Könnte der CnvShell-Eintrag sein (cnvshell - Google-Suche). Kannst den Key ja mal zur Sicherheit exportieren, löschen und Rechner neu starten. Wenn's das nicht war, einfach wieder importieren (kaputt geht dabei nicht's, ist ja eh nur das Kontextmenü). Btw., ich habe den Eintrag in meinem Windows 7 nicht, ist also auf jeden Fall eine Erweiterung.


----------



## onslaught (15. November 2011)

*AW: ImageConverter Plus: nerviger Kontext Menü Eintrag*

Denke schon daß es die Cnv-Shell Extension ist. mattinator hat die richtige Vorgehensweise gut beschrieben. btw für was so ein (share ware) Programm ? Batchconvertierung beherrschen nahezu ALLE Grafikprograme, auch die guten kostenlosen wie Irfan, Photofiltre, Gimp usw.


----------



## Poempel (15. November 2011)

*AW: ImageConverter Plus: nerviger Kontext Menü Eintrag*

Danke an mattinator: hat geklappt!!! 

@ onslaught: Ich habe keine Ahnung mehr was ich da machen wollte...  Es war auf jedenfall irgendwas spezielles was GIMP und ImageConverter eben auch nicht konnte.
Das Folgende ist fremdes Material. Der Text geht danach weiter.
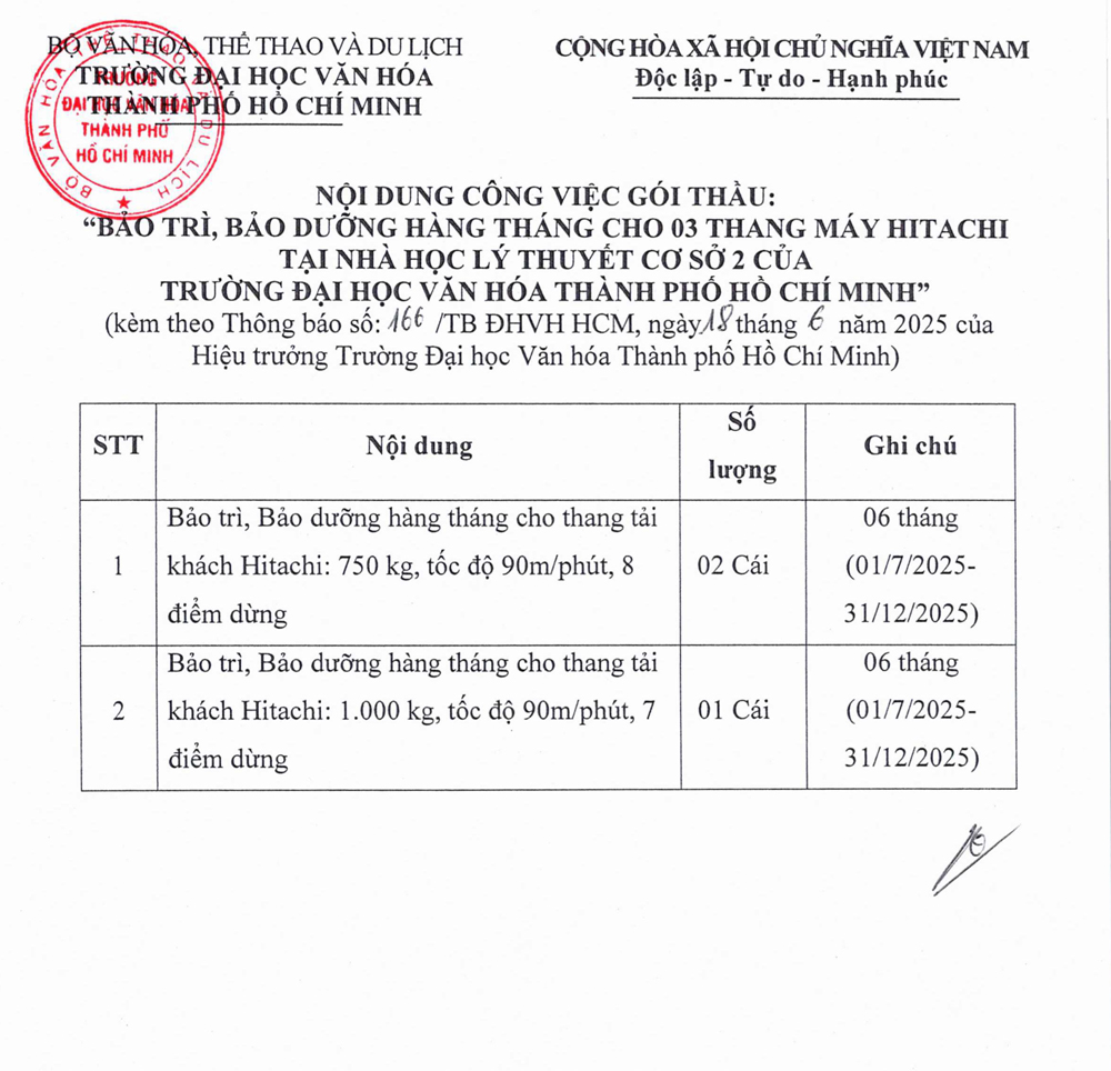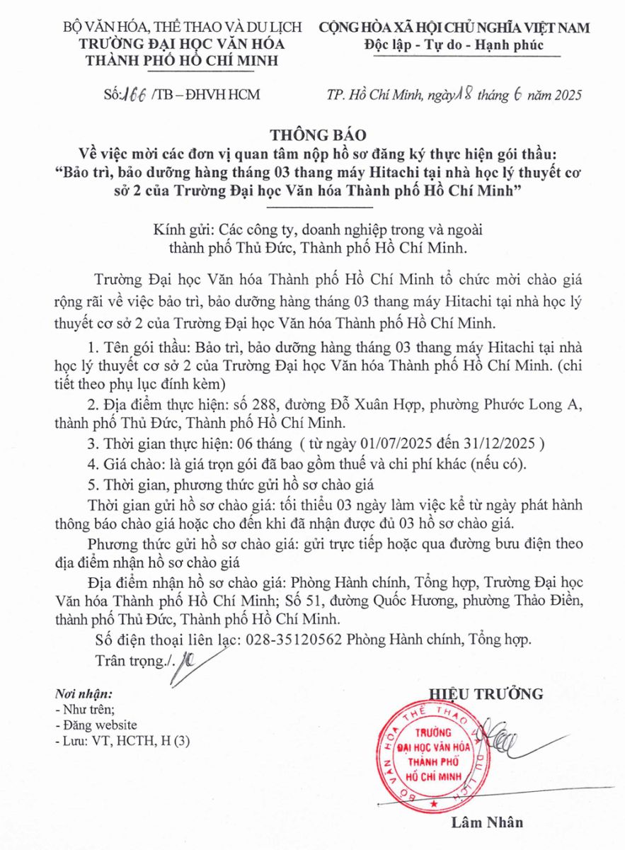 26.03.2026 Thông báo về việc mời các đơn vị quan tâm nộp hồ sơ đăng ký thực hiện gói thầu thực hiện dịch vụ bảo trì phần mềm quản trị Trường Đại học Văn hóa Thành phố Hồ Chí Minh
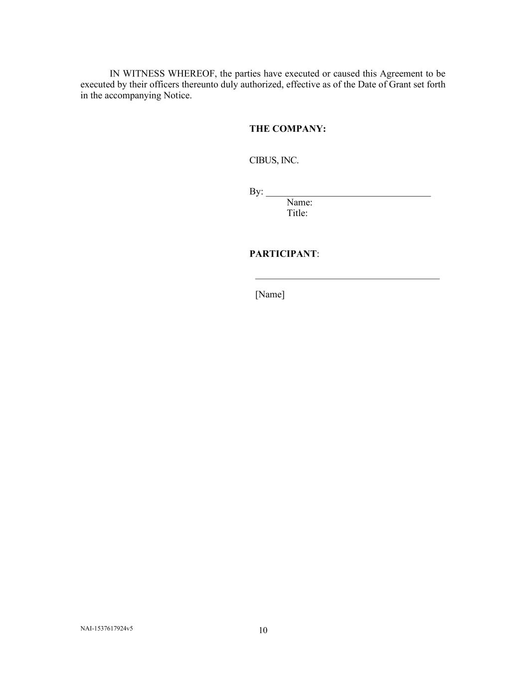 NAI-1537617924v5    10       IN WITNESS WHEREOF, the parties have executed or caused this Agreement to be  executed by their officers thereunto duly authorized, effective as of the Date of Grant set forth  in the accompanying Notice.       THE COMPANY:    CIBUS, INC.    By: __________________________________   Name:             Title:     PARTICIPANT:   ______________________________________  [Name]

Naja wie auch immer ich bin froh dass das weg ist.


----------



## mattinator (15. November 2011)

*AW: ImageConverter Plus: nerviger Kontext Menü Eintrag*

Wenn Du noch mehr aufräumen willst, kannst Du auf der Platte C: noch nach cnvshell.dll (und ggf. weiteren Dateien mit demselben Änderungsdatum) suchen und löschen (vorsichtshalber besser erstmal in den Papierkorb).


----------



## Poempel (15. November 2011)

*AW: ImageConverter Plus: nerviger Kontext Menü Eintrag*

Ich habe die cnvshell.dll noch gelöscht. 

Weitere Dateien von dem Programm finde ich nicht.


----------